Uma lei que não traga em si o objetivo de proteger uma coletividade, visando proporcionar um ganho coletivo e assegurar algum direito fundamental, é naturalmente incompatível com o modelo constitucional adotado no Brasil e com a lógica da centralidade dos direitos fundamentais. Como sustenta Luigi Ferrajoli,6 o sistema atual é pautado pela subordinação das leis aos direitos fundamentais do homem positivados nas Constituições, o que introduz uma dimensão substancial não apenas no que tange às suas condições de validade, mas também na natureza do sistema democrático, posto que aqueles representam um limite para a amplitude da atividade legislativa. E aqui reside o ponto nodal da questão.
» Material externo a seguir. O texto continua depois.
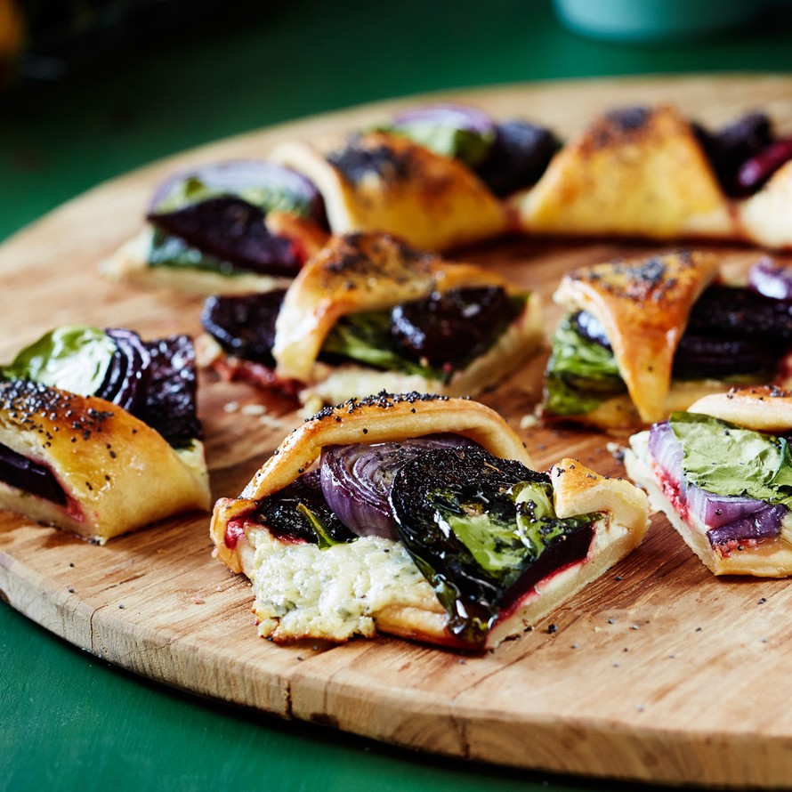 - Kauli taikina jauhotetulla työtasolla halkaisijaltaan noin 35 cm pyöreäksi levyksi. Siisti levyn reuna taikinapyörällä tai pizzaleikkurilla. Nosta levy leivinpaperin päälle uunipellille. Leikkaa levyn keskelle neljä ristikkäistä viiltoa. Levitä homejuustotahna levyn ulkoreunalle. Asettele tahnan päälle lomittain paahdettuja hieman jäähtyneitä punajuuria, sipulirenkaita ja pinaatinlehtinippuja. Kun täytteet kiertävät koko levyn ympäri, käännä keskelle muodostuneet kolmion muotoiset siivekkeet täytteen päälle. Nipistele kiinni reunaan.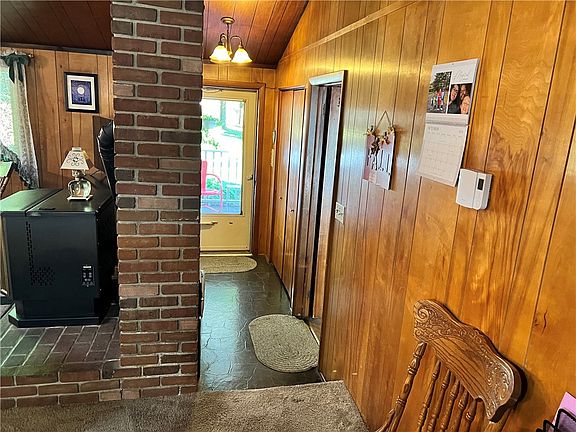 Country living, All Brick Rancher on 1.39 acres with a Million $$ view, Beautiful wooded lot just outside of Jamestown PA, Close to Pymatuning lake and recreation, 1960s Open concept Living room Dining and kitchen, Cathedral ceiling with beams, large family room with a full bath, Main floor laundry, Covered front Porch, closed in back porch with sliding doors that looks out over the wooded lot, Storage shed, 2 car Attached garage

O que assegura validade a uma lei é sua capacidade de dar vida a direitos fundamentais, como demonstrado. E estes, por seu turno, mesmo quando aplicados a indivíduos, jamais perdem sua natureza coletiva e abrangente. Assim, normas jurídicas que viram as costas à coletividade e tutelam interesses privados, sem que haja qualquer contrapartida social tangível, não se encaixam na lógica sistêmica incorporada pelo constitucionalismo nacional.
Nenhuma maioria parlamentar é capaz de fazer com que leis assim nascidas venham a expressar um princípio democrático e se conectar com algum direito fundamental, permitindo sua plena expressão em busca de um bem coletivo. São leis que já nascem desgarradas do campo gravitacional que emana dos direitos fundamentais, dada sua falta de conexão com o núcleo essencial das Constituições. A conclusão quanto à inconstitucionalidade das leis feitas sob encomenda acaba se mostrando não apenas possível, como necessária, sendo premente que se amplie o espaço de debate sobre este tipo de vício e que o Supremo Tribunal Federal aceite analisar a questão sob tal prisma.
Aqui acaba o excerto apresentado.